REQUIRED WORK.
From first line to last, print the records exactly, but leave out the pictures.

EXCERPTED RECORDS.
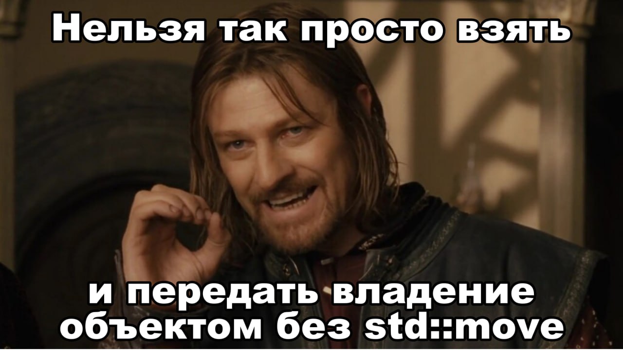 Еще одна вещь, которая подчеркивает передачу владения: moved-from объект практически никак в общем случае нельзя безопасно использовать, кроме как безопасно разрушить или переприсвоить(в комментах под прошлым постом более конкретно обсуждали этот момент). Даже если функция принимает rvalue reference, это не значит, что она не изменяет объект: возможно внутренние вызовы это делают.
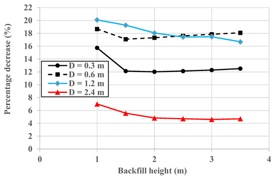 Figure 14 and Figure 15 show the percentage decrease of the maximum bending moment due to the use of TDA 1 and TDA 2, respectively. For both TDA configurations in general, the percentage decrease rises as the diameter changes from 0.3 m to 1.2 m, then significantly declines as the pipe diameter becomes equal to 2.4 m. This could be justified by the complicated interaction between the soil arching and the increase of the weight of the soil applied on the pipe for the case of a pipe with a diameter of 2.4 m. In addition, it is evident that the percentage decrease declines as the backfill height rises and then stabilizes at a certain backfill height. The stabilization of the percentage decrease means that the arching factor stabilizes at a certain backfill height.
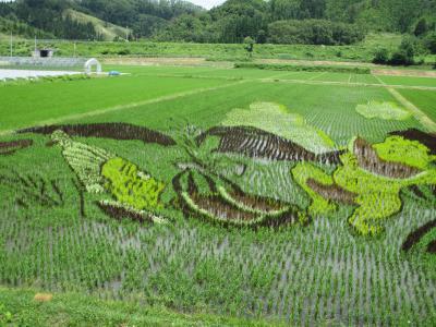 今年で2回目の田んぼアート規も大きくなりましたスイカ太郎君を優しく見守る老夫婦そして山形DCキャンペーンマスコット「きてけろ君」も登場しました尾花沢新庄道路尾花沢北出口で降りて13号線を北上し歩道橋手前の信号を右折細い道を入ってください(元名木沢小学校裏手)となりますこれから形もはっきりしてきます是非見に来てください
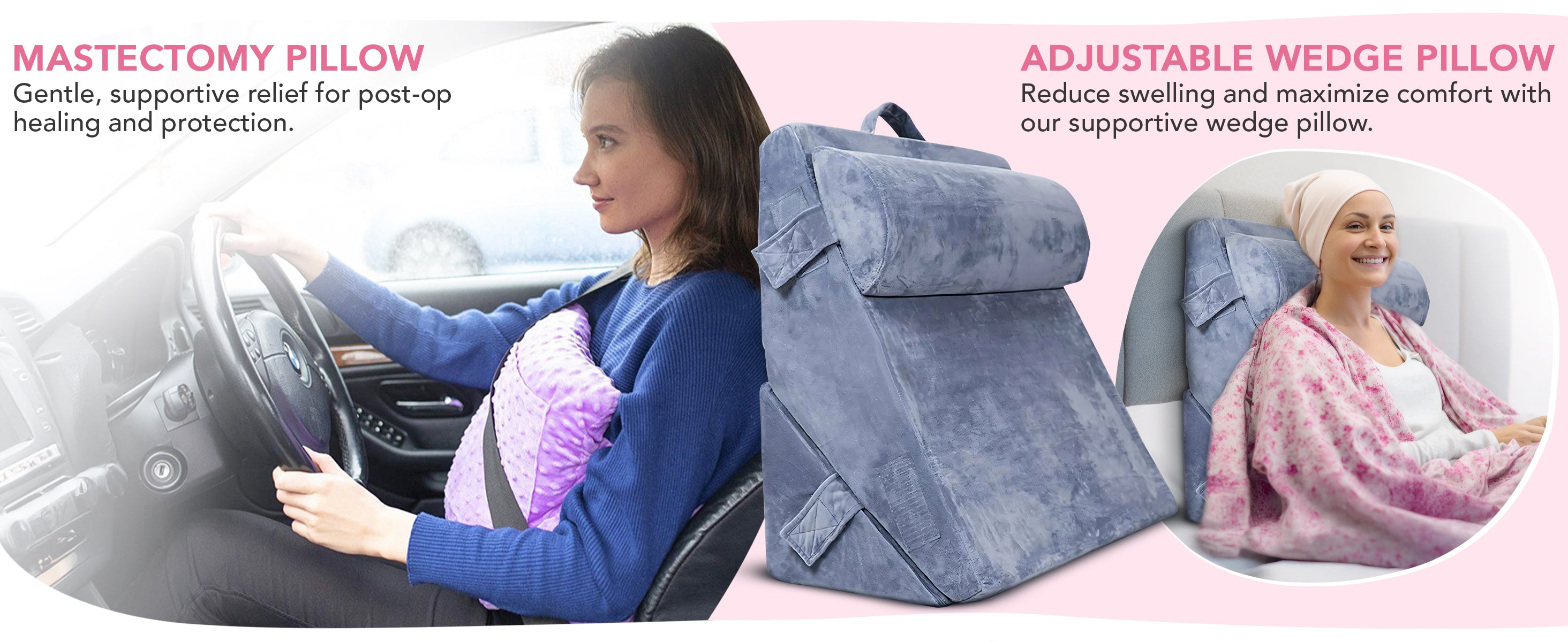 Supportive Pillows include a mastectomy pillow, seatbelt pillow, and wedge pillow to protect incisions, relieve pressure, and keep you comfortably positioned day and night.
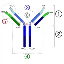 3. Chaîne lourde (en bleu) avec une région variable (VH) suivie d'une région constante (CH1), une région charnière, et deux autres régions constantes (CH2 and CH3).
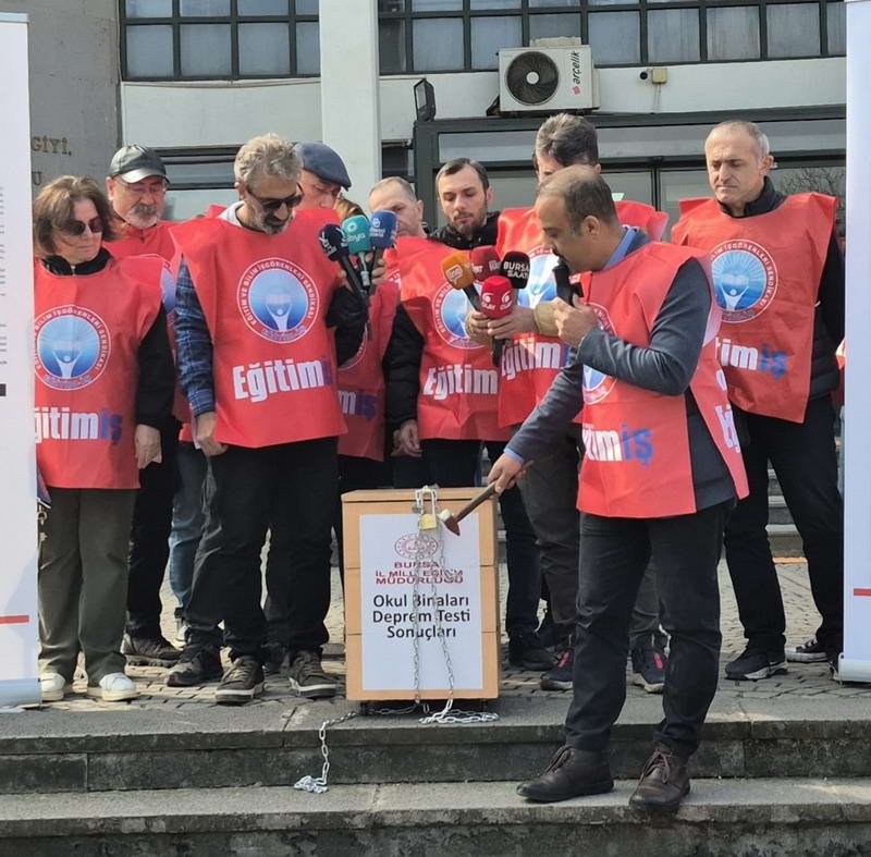 Eğitim-İş Bursa Şube Başkanı Özkan Rona, Bursa İl Milli Eğitim Müdürlüğü önünde yaptığı zehir zemberek açıklamada, okulların deprem dayanıklılık raporlarının “ticari sır” gerekçesiyle saklanmasına yönelik açtıkları davayı kazandıklarını duyurdu.
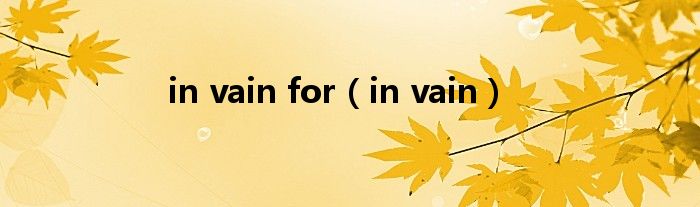 最佳答案关于in vain for,in vain这个很多人还不知道,今天菲菲来为大家解答以上的问题,现在让我们一起来看看吧!1、in vain徒然;无效All our hard work was in vain.我们一切的努力都是徒劳的。本文到此分享完毕,希望对大家有所帮助。
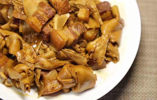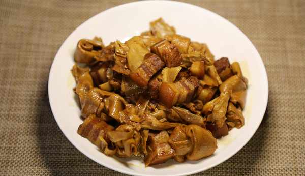 這道菜靈感來自於一道美食節目,用做紅燒肉的方法同時加入豆腐片做成的豆腐結和筍衣,三種不同營養和口感的食材碰撞出一道獨特的美味。
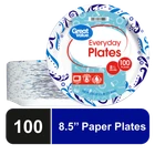 Serve food with ease using Everyday Paper Plates. They're perfect for everyday use or for special occasions. These round plates are extra-strong and soak proof. Use these plates at your next residential barbecue, birthday party, while you're watching the game, at your next pool party or any get together. They are suitable for barbecue dishes, snacks, dinner, lunch, desserts and more. They offer quick and easy disposal and clean-up for when the party is over. This package comes with 100 pleasantly decorated plates making it easy to stock up. These everyday plates are also microwave safe so you can easily re-heat food. Serve up your next meal with Everyday Paper Plates. products provide families with affordable, high quality grocery and household consumable options. With our wide range of product categories spanning grocery and household consumables, we offer you a variety of products for your family's needs. Our products are conveniently available online and in stores nationwide, allowing you to stock up and save money at the same time. Everyday Disposable Paper Plates, 8.5", 100 Count Strong and durable Soak proof Microwave safe Convenient way to serve meals or snacks Ideal for everyday use or special occasions like residential barbecues Makes clean up a breeze Round plates measure 8.5"
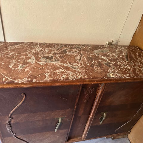 Lipastossa kaksi kaappia ja yksi vetolaatikko. Lipaston mitat: (150) 120×38×68
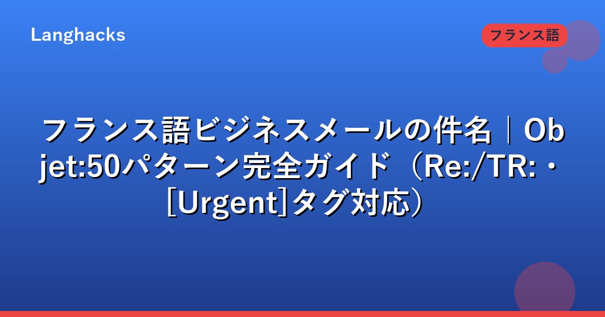 「Objet: の書き方」「[Urgent]タグを付けていいか」「RE: と TR: の使い分け」といった仏語件名特有の悩みを50パターンで整理します。
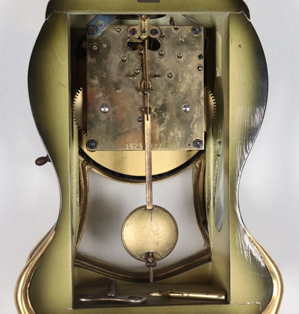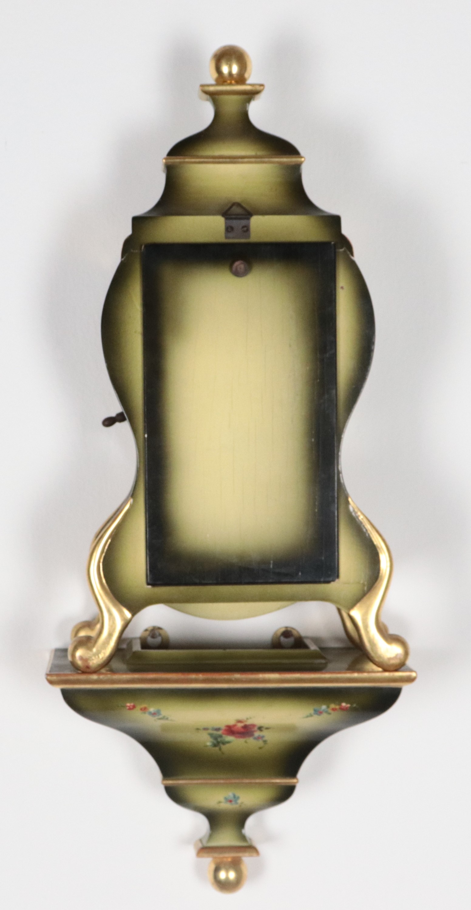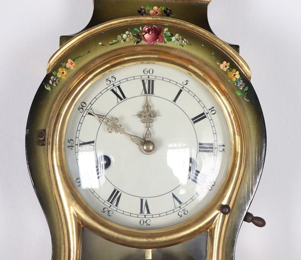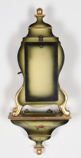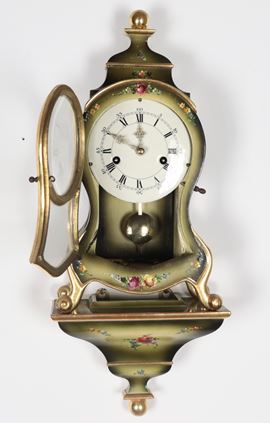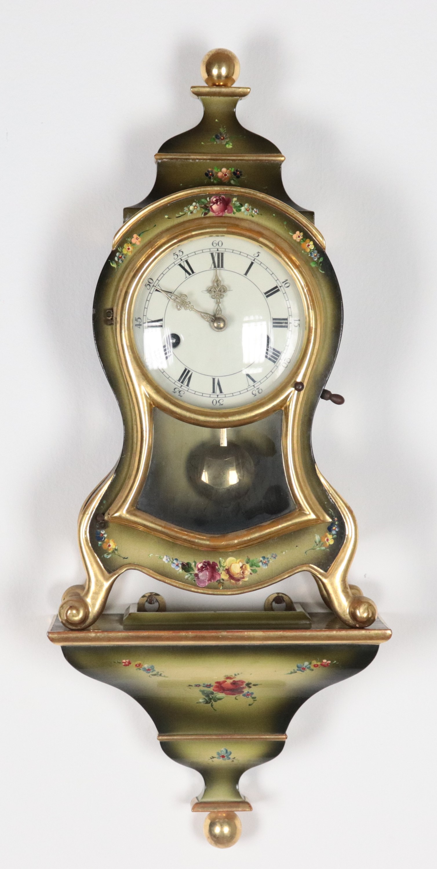 French Louis XV style cartel clock, lacquered and decorated with bouquets of flowers, white enamel dial
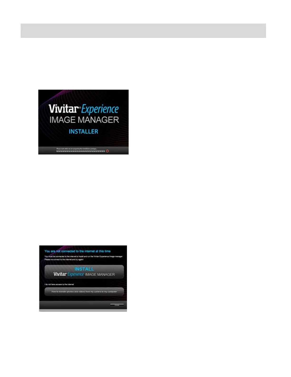 internet and then click the “Install Vivitar Experience Image Manager” button to begin the
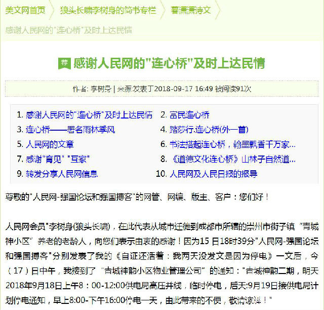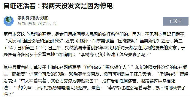 其中,最早發表的應是2018年9月15日和17日,分別發表在人民網-強國論壇、博客中國-作家專欄、華聲論壇-辣眼時評李樹身狼頭長嘯專欄、簡書網-狼頭長嘯李樹身專欄,以及知乎網-李樹身狼頭長嘯專欄等著名論壇、博客上的《自證還活着:我兩天沒發文是因為停電》和《感謝人民網的"連心橋"及時上達民情》兩篇文章,在互聯網上傳播甚廣。
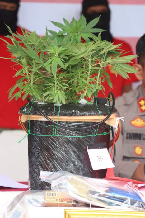 Sehingga jumlah barang bukti keseluruhan Narkotika jenis daun ganja dengan berat 70,54 Gram daun Ganja Kering, dan Narkotika jenis sabu Serbuk kristal dengan berat 23.477,44 Gram.
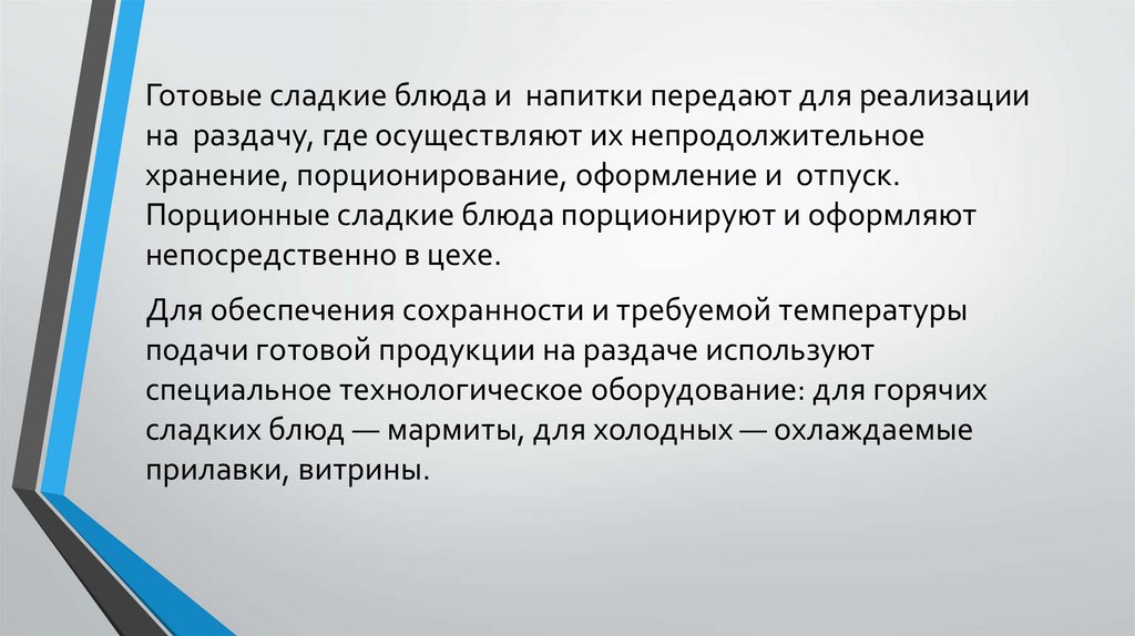 Готовые сладкие блюда и напитки передают для реализациина раздачу, где осуществляют их непродолжительное
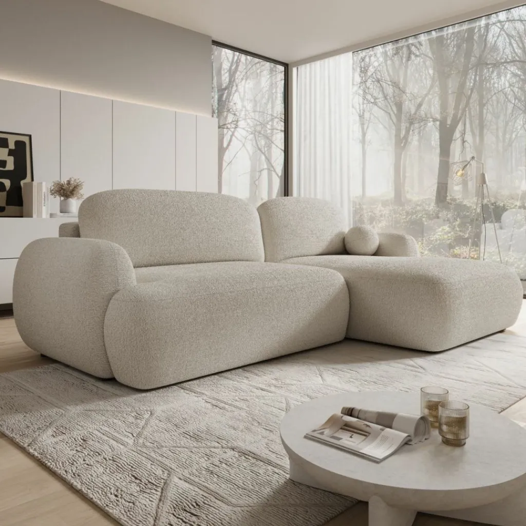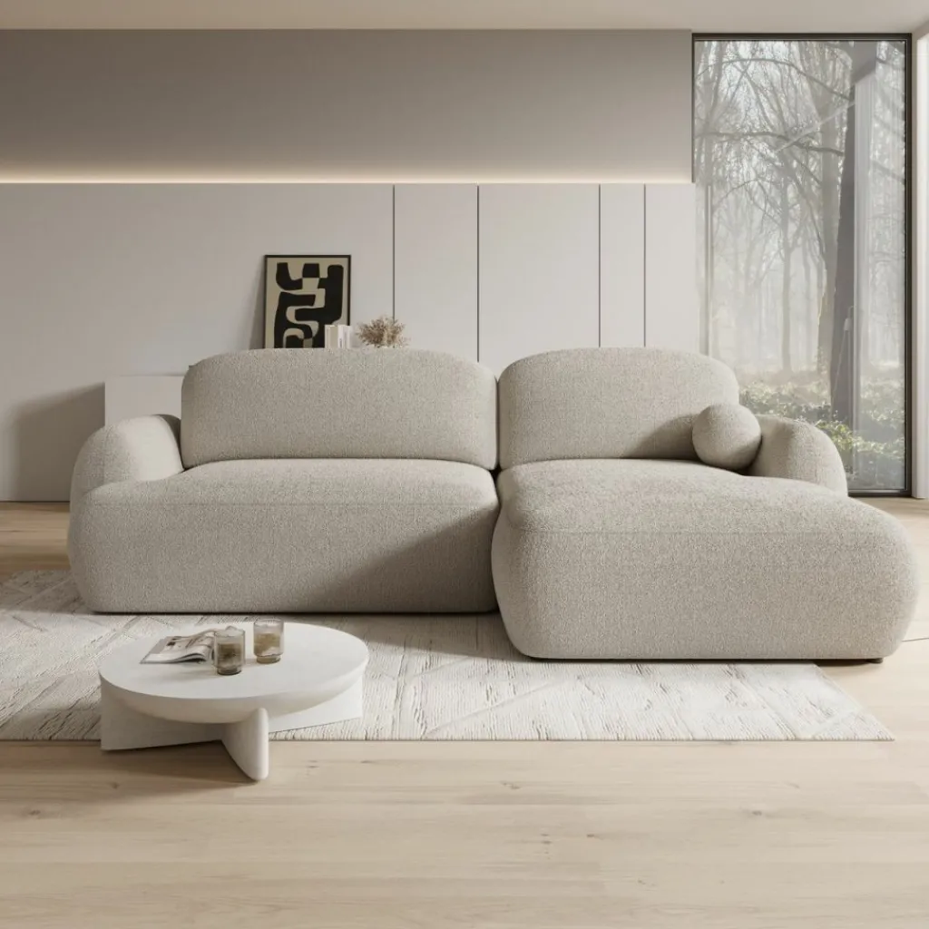 Zacht, rond en modern. Hoekbank Malaga is dé eyecatcher voor ieder interieur dat warmte en stijl wil combineren. De zachte teddystof (gemaakt van 100% gerecycled polyester) voelt zacht aan en is een duurzame keuze.

ANSWER TO THIS PROBLEM.
 Еще одна вещь, которая подчеркивает передачу владения: moved-from объект практически никак в общем случае нельзя безопасно использовать, кроме как безопасно разрушить или переприсвоить(в комментах под прошлым постом более конкретно обсуждали этот момент). Даже если функция принимает rvalue reference, это не значит, что она не изменяет объект: возможно внутренние вызовы это делают.
 Figure 14 and Figure 15 show the percentage decrease of the maximum bending moment due to the use of TDA 1 and TDA 2, respectively. For both TDA configurations in general, the percentage decrease rises as the diameter changes from 0.3 m to 1.2 m, then significantly declines as the pipe diameter becomes equal to 2.4 m. This could be justified by the complicated interaction between the soil arching and the increase of the weight of the soil applied on the pipe for the case of a pipe with a diameter of 2.4 m. In addition, it is evident that the percentage decrease declines as the backfill height rises and then stabilizes at a certain backfill height. The stabilization of the percentage decrease means that the arching factor stabilizes at a certain backfill height.
 今年で2回目の田んぼアート規も大きくなりましたスイカ太郎君を優しく見守る老夫婦そして山形DCキャンペーンマスコット「きてけろ君」も登場しました尾花沢新庄道路尾花沢北出口で降りて13号線を北上し歩道橋手前の信号を右折細い道を入ってください(元名木沢小学校裏手)となりますこれから形もはっきりしてきます是非見に来てください
 Supportive Pillows include a mastectomy pillow, seatbelt pillow, and wedge pillow to protect incisions, relieve pressure, and keep you comfortably positioned day and night.
 3. Chaîne lourde (en bleu) avec une région variable (VH) suivie d'une région constante (CH1), une région charnière, et deux autres régions constantes (CH2 and CH3).
 Eğitim-İş Bursa Şube Başkanı Özkan Rona, Bursa İl Milli Eğitim Müdürlüğü önünde yaptığı zehir zemberek açıklamada, okulların deprem dayanıklılık raporlarının “ticari sır” gerekçesiyle saklanmasına yönelik açtıkları davayı kazandıklarını duyurdu.
 最佳答案关于in vain for,in vain这个很多人还不知道,今天菲菲来为大家解答以上的问题,现在让我们一起来看看吧!1、in vain徒然;无效All our hard work was in vain.我们一切的努力都是徒劳的。本文到此分享完毕,希望对大家有所帮助。
 這道菜靈感來自於一道美食節目,用做紅燒肉的方法同時加入豆腐片做成的豆腐結和筍衣,三種不同營養和口感的食材碰撞出一道獨特的美味。
 Serve food with ease using Everyday Paper Plates. They're perfect for everyday use or for special occasions. These round plates are extra-strong and soak proof. Use these plates at your next residential barbecue, birthday party, while you're watching the game, at your next pool party or any get together. They are suitable for barbecue dishes, snacks, dinner, lunch, desserts and more. They offer quick and easy disposal and clean-up for when the party is over. This package comes with 100 pleasantly decorated plates making it easy to stock up. These everyday plates are also microwave safe so you can easily re-heat food. Serve up your next meal with Everyday Paper Plates. products provide families with affordable, high quality grocery and household consumable options. With our wide range of product categories spanning grocery and household consumables, we offer you a variety of products for your family's needs. Our products are conveniently available online and in stores nationwide, allowing you to stock up and save money at the same time. Everyday Disposable Paper Plates, 8.5", 100 Count Strong and durable Soak proof Microwave safe Convenient way to serve meals or snacks Ideal for everyday use or special occasions like residential barbecues Makes clean up a breeze Round plates measure 8.5"
 Lipastossa kaksi kaappia ja yksi vetolaatikko. Lipaston mitat: (150) 120×38×68
 「Objet: の書き方」「[Urgent]タグを付けていいか」「RE: と TR: の使い分け」といった仏語件名特有の悩みを50パターンで整理します。
 French Louis XV style cartel clock, lacquered and decorated with bouquets of flowers, white enamel dial
 internet and then click the “Install Vivitar Experience Image Manager” button to begin the
 其中,最早發表的應是2018年9月15日和17日,分別發表在人民網-強國論壇、博客中國-作家專欄、華聲論壇-辣眼時評李樹身狼頭長嘯專欄、簡書網-狼頭長嘯李樹身專欄,以及知乎網-李樹身狼頭長嘯專欄等著名論壇、博客上的《自證還活着:我兩天沒發文是因為停電》和《感謝人民網的"連心橋"及時上達民情》兩篇文章,在互聯網上傳播甚廣。
 Sehingga jumlah barang bukti keseluruhan Narkotika jenis daun ganja dengan berat 70,54 Gram daun Ganja Kering, dan Narkotika jenis sabu Serbuk kristal dengan berat 23.477,44 Gram.
 Готовые сладкие блюда и напитки передают для реализациина раздачу, где осуществляют их непродолжительное
 Zacht, rond en modern. Hoekbank Malaga is dé eyecatcher voor ieder interieur dat warmte en stijl wil combineren. De zachte teddystof (gemaakt van 100% gerecycled polyester) voelt zacht aan en is een duurzame keuze.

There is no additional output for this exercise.